Unions that adopt open bargaining routinely secure some of the strongest contracts in their sector, not just on wages, but on groundbreaking workplace protections and new rights for their members. 

To learn more about open bargaining and read some fascinating case studies, check out Rules to Win By, by Jane McAlevey and Abbey Lawlor.

Open bargaining timeline

The very first step for CAPE members is the bargaining survey which will be launched in late November and Organizing Committees will be asking members to fill it out. This is your chance to say what gets brought to the bargaining table.

Then departments will elect representatives to sit on the bargaining team. 

Elections will happen in early 2026. 

In the past, only about 20 per cent of CAPE members filled out the bargaining survey. To build power in bargaining, we need to rapidly scale up member engagement. And past survey rates show that emails will not cut it. In order to show Treasury Board that a majority of CAPE members demand telework, you will have to bring the survey to your whole team and get them to fill it out.
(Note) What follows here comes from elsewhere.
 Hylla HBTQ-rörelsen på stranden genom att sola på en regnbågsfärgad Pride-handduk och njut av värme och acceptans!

Then, next spring, in April 2026, all members will have the opportunity to vote on the proposals that CAPE brings into negotiations. This is an internal ratification process before we sit down with the employer—it means that members participate again in high numbers to directly decide the union’s bargaining priorities during the vote. This is a new step in the process, as in the past members have only voted when the bargaining team and employer reached a tentative agreement.
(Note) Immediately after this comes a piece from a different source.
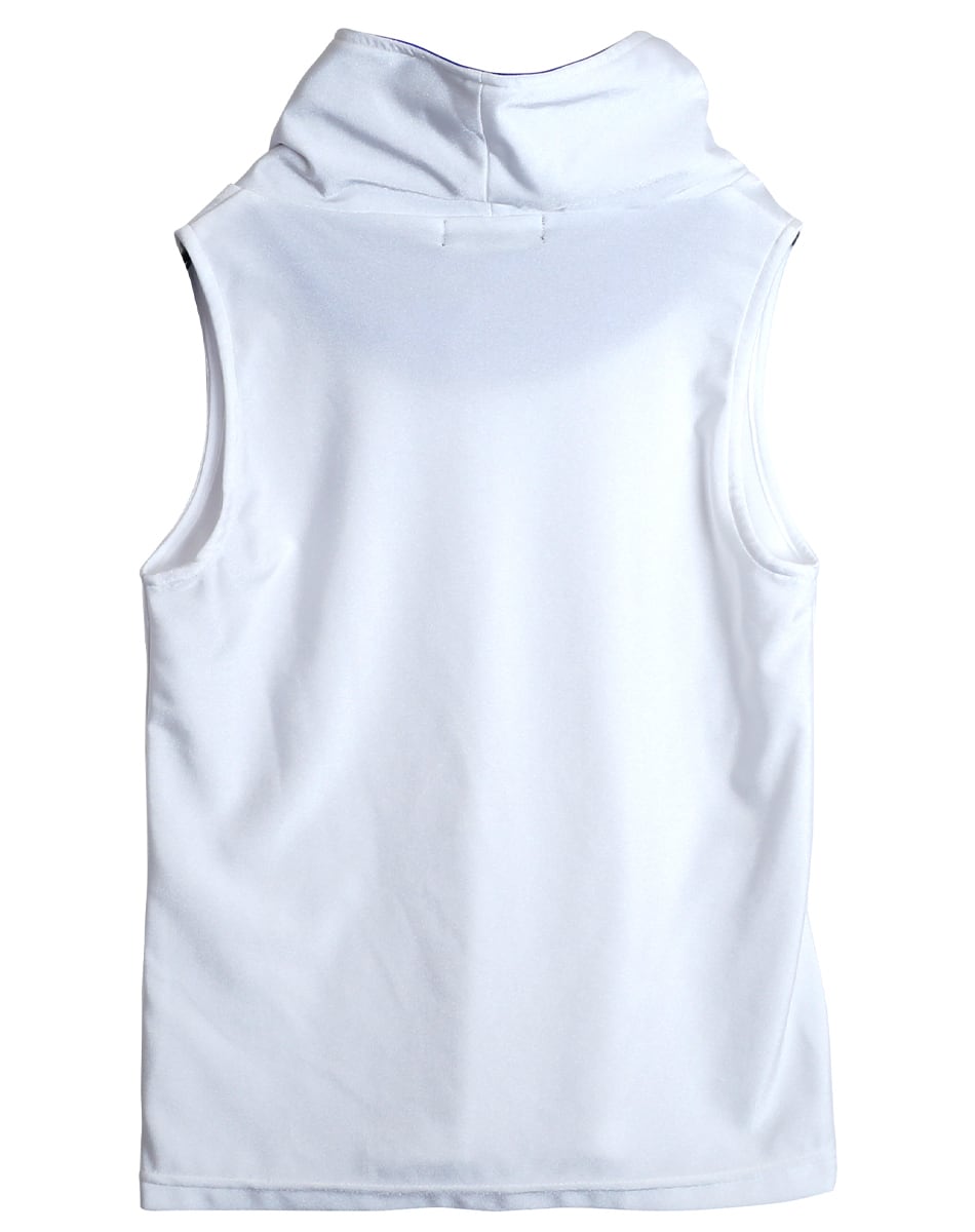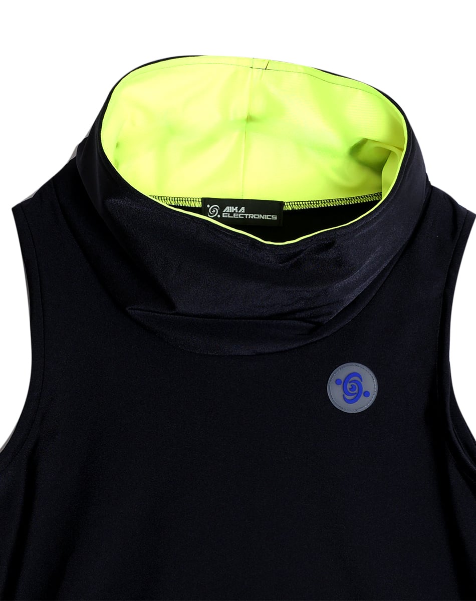 シンプルなノースリーブシルエットに立体フードを掛け合わせ、ストリートとサイバーを融合させた近未来的なトップスです。

Concurrently, members will also vote on the dispute resolution mechanism. This is essentially the way in which the union will resolve disputes at the bargaining table in the event of an impasse. 

In the past CAPE has decided to go straight to arbitration to resolve disputes, rather than opt for the strike/conciliation path. 

However, if you want to win telework, that won’t happen in arbitration as arbitrators don’t award new rights. Instead, they usually award a contract that’s based on the average of what other similar unions have already bargained. 

But just to be clear, the vote on choosing the strike/conciliation route or arbitration is not an actual strike vote—that would happen down the road in the bargaining process. Rather, this is a vote on the mechanism for resolving disputes—arbitration, or strike/conciliation. This will also be the first time that CAPE members get to vote on the dispute resolution mechanism. 

So if you want to win telework, you need to vote for the strike/conciliation path. 

And as the bargaining team gets going and formal negotiations are underway in Fall of 2026, every single member will be able to observe and participate in bargaining in some way. 

Members will need to get involved in numbers never seen before by CAPE and take full ownership of this campaign. 

The Organizing staff team will be there every step of the way providing guidance, training, and logistical support 

But fundamentally the action will happen in the workplace, between coworkers talking to one another about your workplace issues and how to bargain improvements in our working conditions.

There is only one step that you can take from here, and that's to join your departmental organizing committee.